We are planning first to travel to Chiang Mai and aclimatize there for a month or so. 

Are there any travelers out there with children successfully living in Thailand that wouldn't mind giving us your contact info for a possible skype and email?

Thanks in advance,
Seltmanns


----------



## Nads1 (Jan 9, 2012)

Hi, we are moving from UK with three young children 11 months, 5 and 7 as well and would love to meet families so our kids can make friends. We will be in Bangkok though. From my research, it would seem that families with young kids do well there without any major problems. Get a nice house somewhere near to parks or have a big garden a bit out of Downtown Bangkok or further out. What about schooling?


----------



## maxolla (Feb 5, 2013)

Nads1 said:


> Hi, we are moving from UK with three young children 11 months, 5 and 7 as well and would love to meet families so our kids can make friends. We will be in Bangkok though. From my research, it would seem that families with young kids do well there without any major problems. Get a nice house somewhere near to parks or have a big garden a bit out of Downtown Bangkok or further out. What about schooling?

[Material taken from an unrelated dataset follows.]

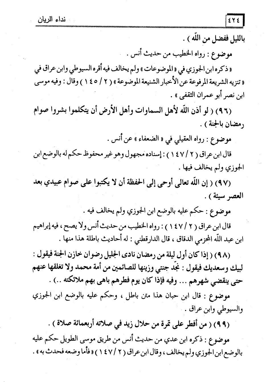 (96) (لو أذن الله لأهل السماوت وأهل الأرض أن يتكلموا بشروا صوام رمضان بالجنة) .

From all of my research Bangkok seems the last place a family would want to be. I have heard good things about Chiang Mai. If you are looking for a big city Bangkok is the ticket but if you want more of a slower pace for your kids there seems to be many better choices. 

Cheers


----------



## Nads1 (Jan 9, 2012)

maxolla said:


> From all of my research Bangkok seems the last place a family would want to be. I have heard good things about Chiang Mai. If you are looking for a big city Bangkok is the ticket but if you want more of a slower pace for your kids there seems to be many better choices.
> 
> Cheers



That is true but my school is within that busy city area and I don't want to travel far to work with my kids. I have discovered that there are some really nice gated communities with green space (obviously not extensive) in the Upper Suk. area.

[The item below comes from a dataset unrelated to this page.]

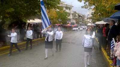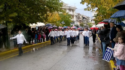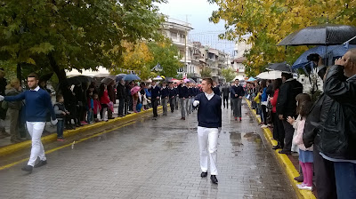 επέτειος της 28ης Οκτωβρίου 1940, στην Αριδαία, με βροχή.

So, we are really looking to live a bit out of town but not too much out.


----------



## cooked (Jan 30, 2011)

Being near a BTS train station is definitely a plus in Bangkok. You have to pay for the privilege.


----------



## stednick (Oct 16, 2011)

maxolla said:


> From all of my research Bangkok seems the last place a family would want to be. I have heard good things about Chiang Mai. If you are looking for a big city Bangkok is the ticket but if you want more of a slower pace for your kids there seems to be many better choices.
> 
> Cheers


Realize that the City of Bangkok is a sprawling metropolis of more than 1,500 square kilometers (600 square miles) in area. Mostly built out, not up. This provides for a serious selection of diverse neighborhoods from downright congested big inner city slums to green open areas with outdoors park settings. You can find just about any socioeconomic habitat you desire. 

Of course, finding the best location will require considerable detective work on your part.


----------



## grgo69 (Feb 21, 2013)

What I seen Udon Thani is nice place to live, and not too hot and Thai attitude toward Farangs is good, and I think pretty cheap


----------